Morphology of T2 transgenic rice plants and their seeds (T3 seeds). Each eight T2 seeds from Anti α-19 (A) and Anti α-22 (B) were grown to analyze morphological phenotypes. Dwarf, dwarf plants; NC-like, apparently normal-cultivar-like plants. The white arrowheads indicate flowering (heads). (Upper and Lower) Under the plant photographs are Northern blots with the DIG-labeled sense and antisense RNAs, respectively, as probes. The arrows (Upper and Lower) indicate the antisense and sense (endogenous) RNAs, respectively, for the α subunit.
Expression of the Gene for the α Subunit in Normal Cultivar Plant.
Northern blot analysis with control cultivars showed that the internodes of 1.5-mo-old plants carried significant amounts of the mRNA for the α subunit (Fig. 3A), but those of 3-mo-old plants contained only a little mRNA (data not shown), suggesting that the heterotrimeric G protein may play a role in young internodes. The leaves and roots of normal cultivar plants contained only small amounts of mRNA for the α subunit.
Figure 3.
Accumulation of endogenous mRNA for the α subunit of a heterotrimeric G protein in a normal rice cultivar. (A) Northern blot analysis of the mRNA in various tissues at the vegetative growth stage (1.5 mo old). Node A, upper node; Internode, internode between the upper and lower nodes; Node B, lower nodes and internodes. (B) Northern blot analysis of the mRNA from florets at reproductive growth stages (4 mo old). Floret-Be, florets 3 days before fertilization; Floret-Af, florets 3 days after fertilization. (C–E) In situ hybridization of florets, the longitudinal sections of florets on 10 days (C) and 3 days (D) before flowering and 3 days after fertilization (E). The DIG-labeled antisense RNAs were used as a probe. Positive hybridization signals are indicated in blue. Bars = 100 μm. GL, glume; LE, lemma; OV, ovary; PA, palea; PE, pericarp; PI, pistil; ST, stamen.

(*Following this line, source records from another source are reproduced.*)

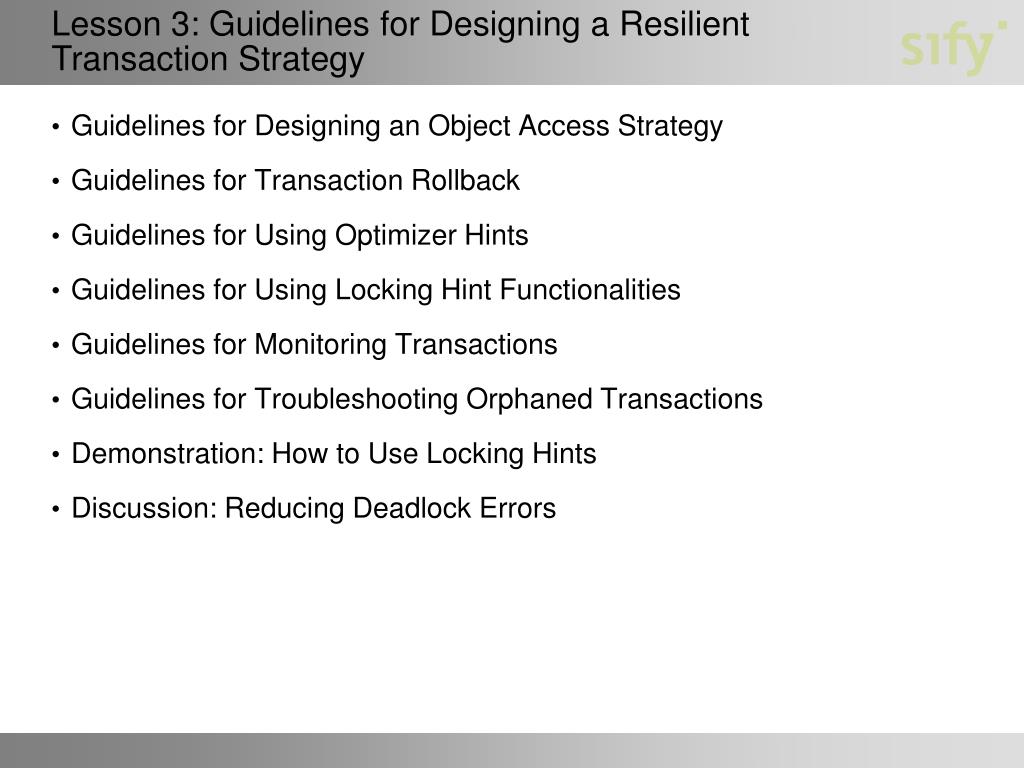 Guidelines for Designing an Object Access Strategy Guidelines for Transaction Rollback Guidelines for Using Optimizer Hints Guidelines for Using Locking Hint Functionalities Guidelines for Monitoring Transactions Guidelines for Troubleshooting Orphaned Transactions Demonstration: How to Use Locking Hints Discussion: Reducing Deadlock Errors Lesson 3: Guidelines for Designing a Resilient Transaction Strategy
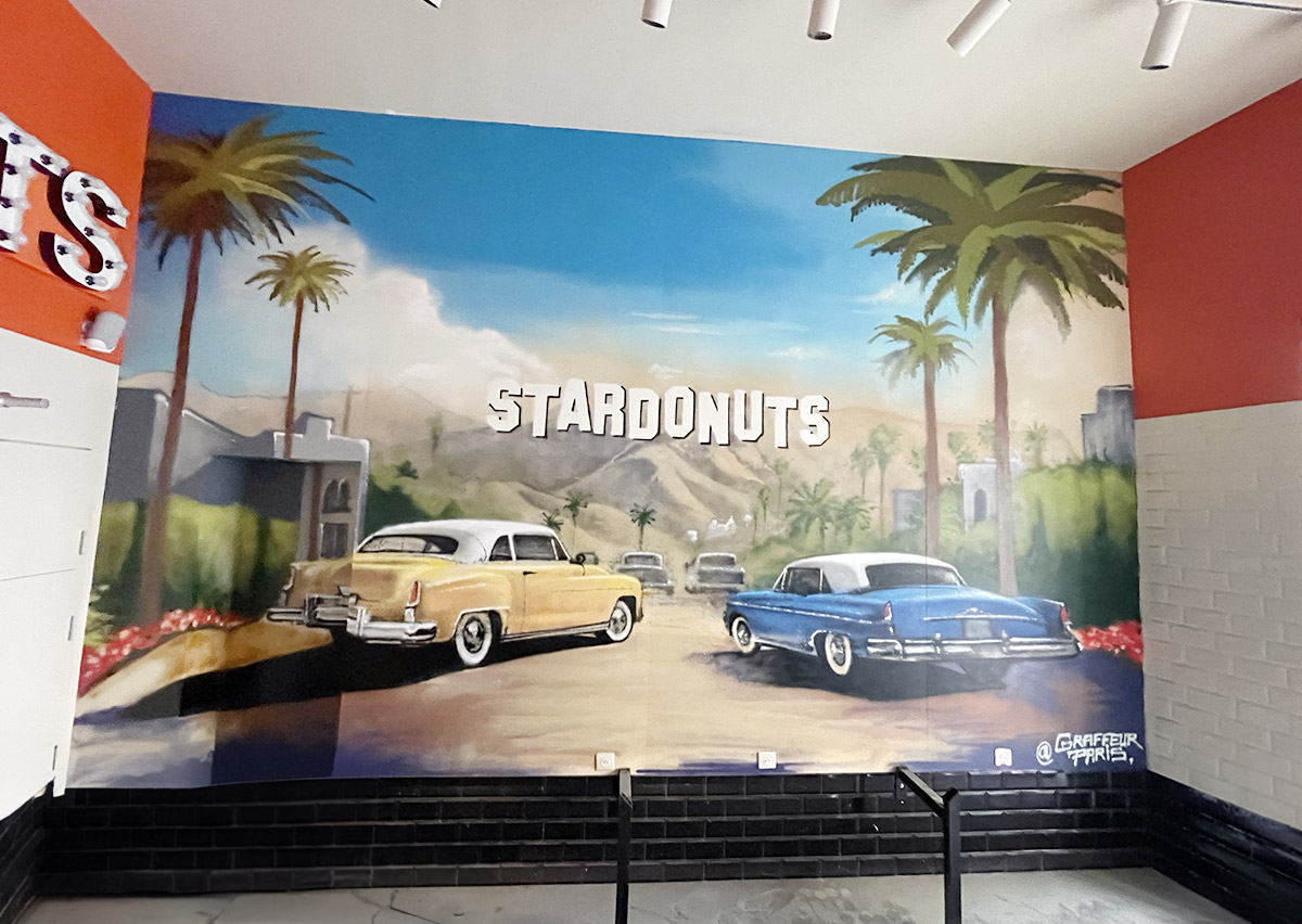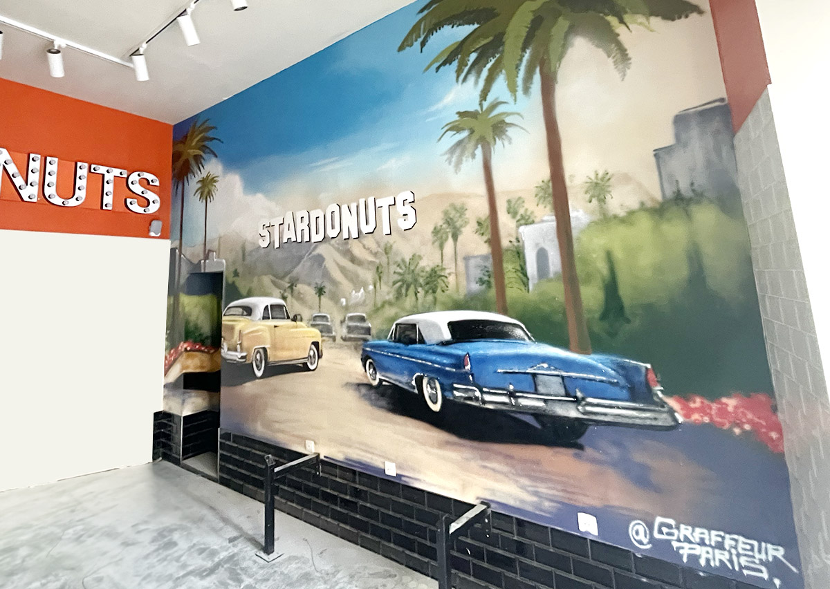 In Dubai’s ever-evolving food scene, design is more than decoration — it’s a key part of brand experience. For the launch of Star Donuts, Graffeur Paris Dubai transformed a plain wall into a vibrant, colorful backdrop that immediately captures the joy and energy of the brand. The result: a mural that turns every customer visit into an Instagram-worthy moment, blending urban art with playful pop culture references — perfectly suited to the city’s café culture.
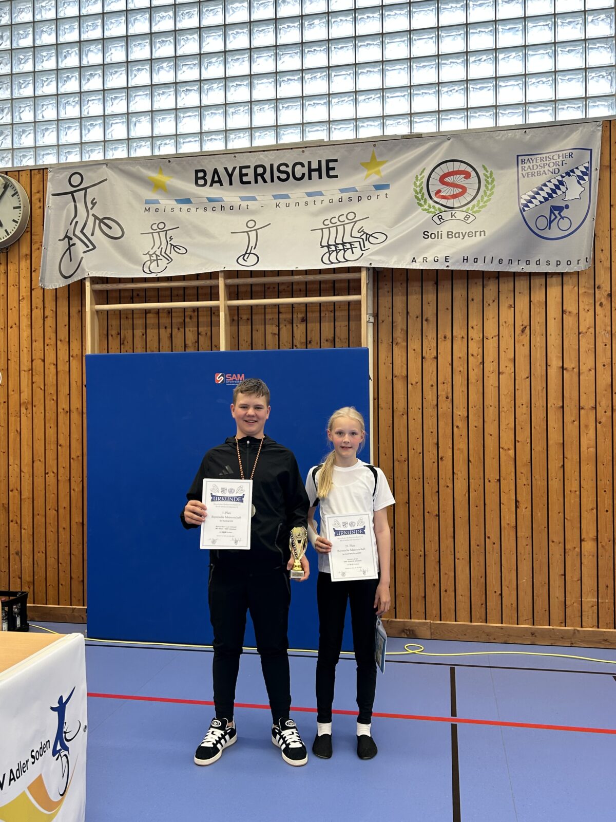 In der offenen Klasse der 2er Schüler traten Maresa (RKV Bullach) und Leon als Startgemeinschaft Bullach/Schwabach an. Mit einer nahezu fehlerfreien Kür und 58,00 Punkten sicherten sie sich souverän den Bayerischen Meistertitel und qualifizierten sich für die Deutsche Meisterschaft am 14./15. Juni in Wiesbaden.
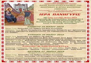 Την 25η & 26η Μαΐου 2019, Κυριακή της Σαμαρείτιδος Εορτή της Αγίας Φωτεινής πανηγυρίζει μεγαλοπρεπώς ο Ιερός Ναός του Ευαγγελισμού της Θεοτόκου και Αγίας Φωτεινής Υμηττού

The florets accumulated a large quantity of the mRNA (Fig. 3B). In situ hybridization showed that the mRNA was present mainly in the bases of the stamen, pistil, lemma, and palea before flowering and in the pericarp of the ovary after fertilization (Fig. 3 C–E), which shows that the profile of tissue-specific expression of the gene for the α subunit changes during reproductive growth. The tissues, in which the mRNA for the α subunit is largely expressed in the control cultivars, correspond to those in which the T1 and T2 transformants show growth abnormalities.
Restriction Fragment Length Polymorphism (RFLP) Mapping of the α -Subunit Gene.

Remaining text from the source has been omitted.